Nope. The only villain of the piece to emerge is Neil Munro of the Daily Caller, who interrupted the president’s press audience (no questions, please) to hurl the issue of jobs for Americans (not for foreigners already illegally exploiting the U.S. taxpayer) into the mix. Off with his head, cried the PrObamedia, echoes reverberating. To his everlasting credit, Munro’s editor, Tucker Carlson, defiantly announced he would instead give Munro a raise. The echo-chamber narrative, however, was set. Obama did the right thing, “everyone” said, notwithstanding all that rude, right-wing “heckling.”

Which brings us to this week. After House Republicans on the Oversight and Government Reform Committee took the unprecedented step of voting Attorney General Eric Holder in contempt of Congress for withholding documents relevant to its investigation of the Fast and Furious “gun-walking” operation, President Obama invoked “executive privilege,” dropping the dubious mantle of secrecy over all the documents in question.
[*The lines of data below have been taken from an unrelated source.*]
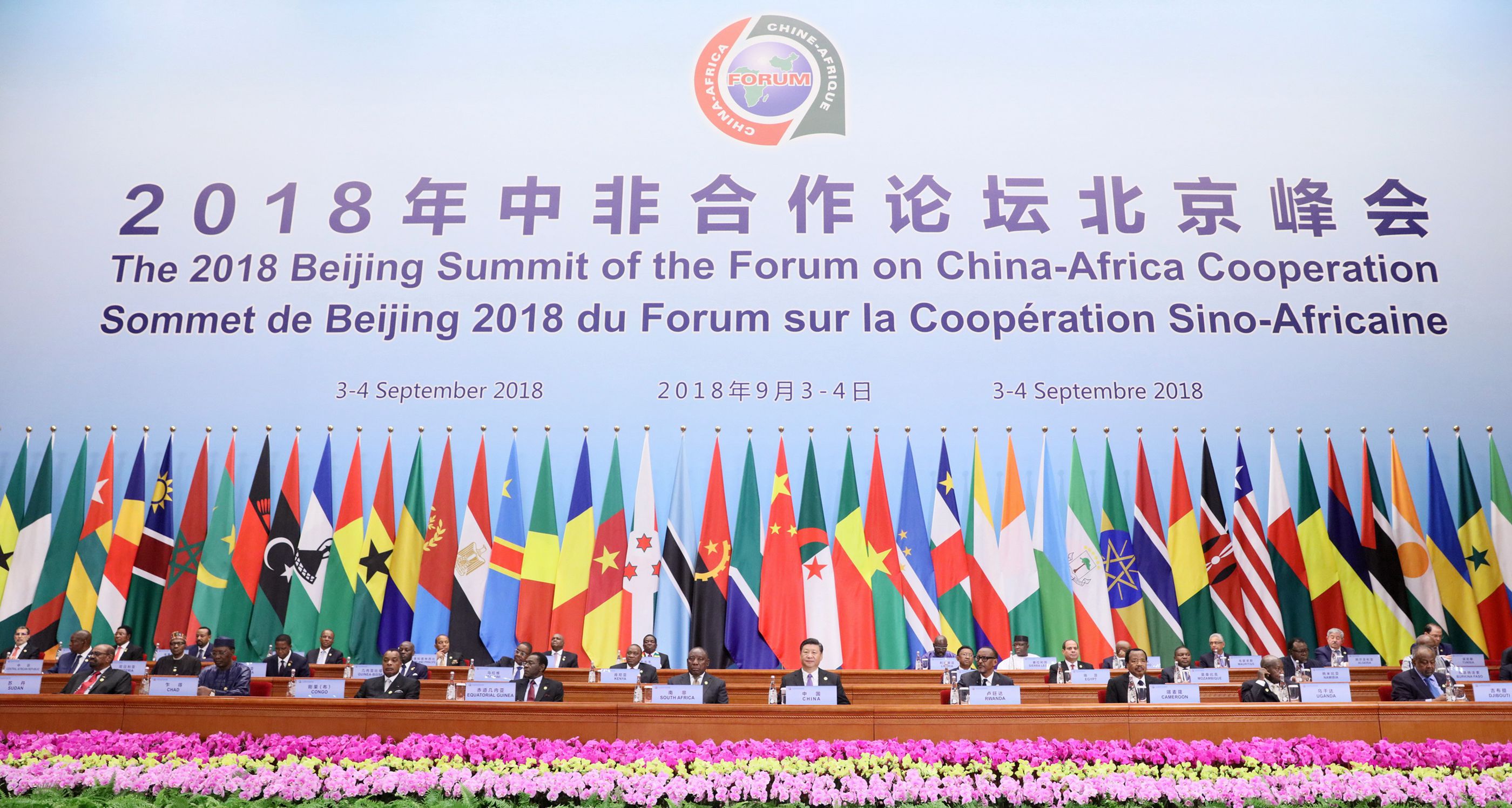 2018年9月3日,中非合作论坛北京峰会在人民大会堂隆重开幕。中国国家主席习近平出席开幕式并发表题为《携手共命运 同心促发展》的主旨讲话。新华社记者 刘卫兵 摄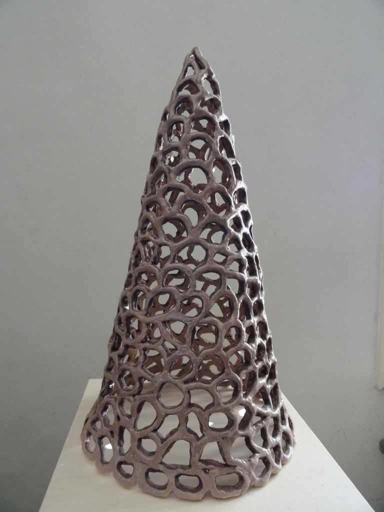 Papierklei met perliet, geglazuurd en gestookt op 1100 graden, zijdeglans mangaanglazuur. Door aaneen schakeling van kleine ronde en ovale onderdelen is een toren ontstaan. Geinspireerd door de potloodwoningen in Rotterdam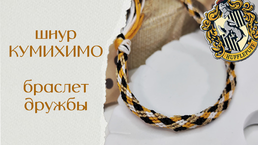 Браслет для фанатов Пуффендуй - Кумихимо - Фенечка - Шнур - Браслет дружбы - Мулине - Хогвартс - Гарри Поттер
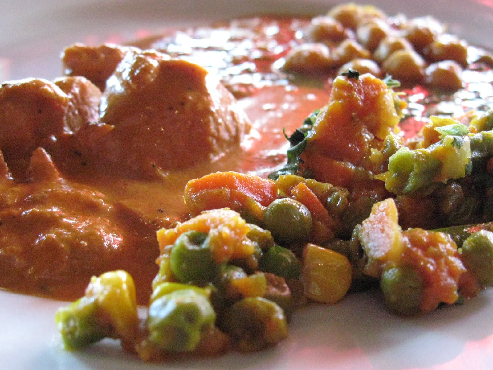 Chicken tikka masala, ridiculously spicy vegetables, daal and chana masala. I had a few pieces of chicken and massively regretted it later. After two weeks of no meat, I had a stomachache for the rest of the day!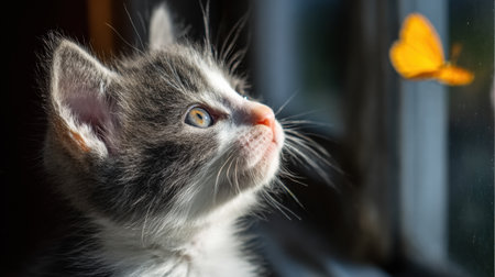 A playful kitten observes a delicate butterfly fluttering near the window, captivated by its movement in gentle sunlight.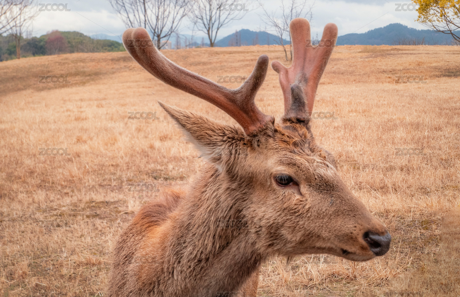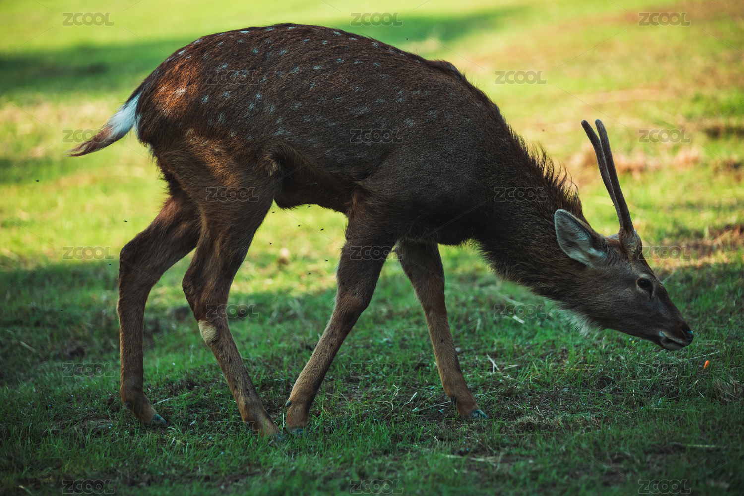 杭州良渚遺址公園,側(cè)立而站的梅花鹿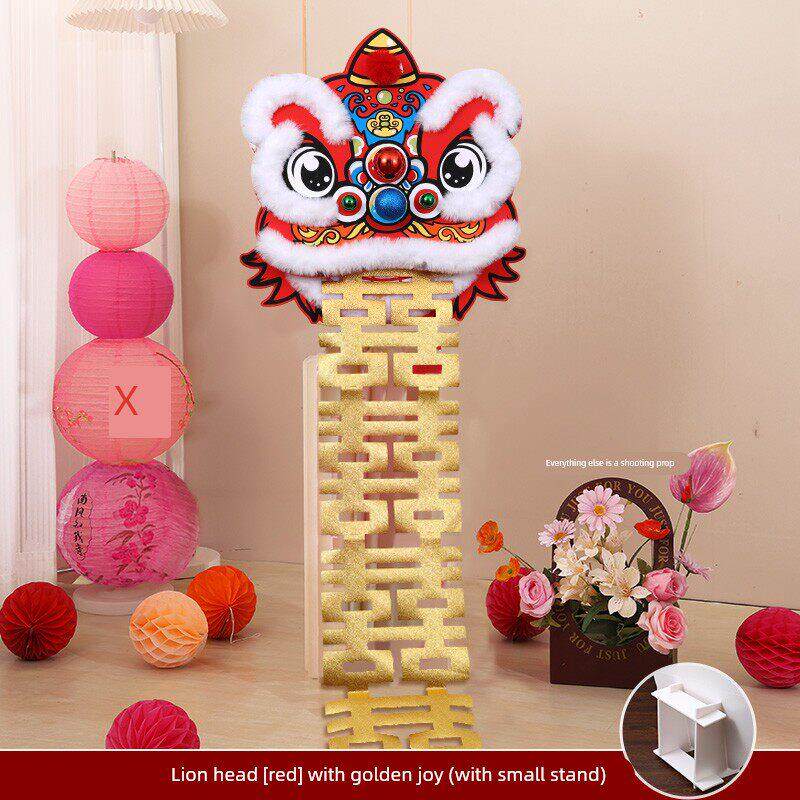 📚 结婚装饰醒狮婚房布置狮子头摆件男女方婚礼新房客厅晨袍拍照道具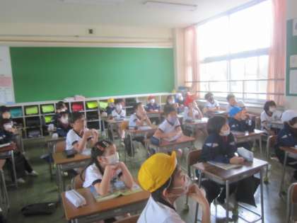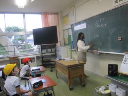 3年生になって初めての、外国語の学習を行いました。ALTの先生と世界の国々のあいさつについて教えてもらい、実際に発音しました。

This time, House Republicans and media conservatives hit the roof. But what of the great national echo chamber?

It hit the mute button. The Washington Post, still brushing Watergate anniversary confetti from its hair, reported on Page A1 that this assertion of presidential privilege at the climactic moment of Congress’ 16-month investigation simply “reignited a long-running Washington debate over the limits of White House power.” In other words, ho-hum. The story sits low in the New York Times’ online queue, with a headline winding up the perfect PrObamedia pitch: “House Panel Vote Steps Up Partisan Fight on Gun Inquiry.” “Partisan fight,” of course, is New York Times-ese for “heckling.”

So is the president melting down or rising like a phoenix? For a socialist with dictatorial inclinations – or is that a dictator with socialist inclinations? – he’s shockingly buoyant in the polls. Watch out, lovers of constitutional liberty: Unless We, the People, make ourselves heard, this rara avis could still take flight.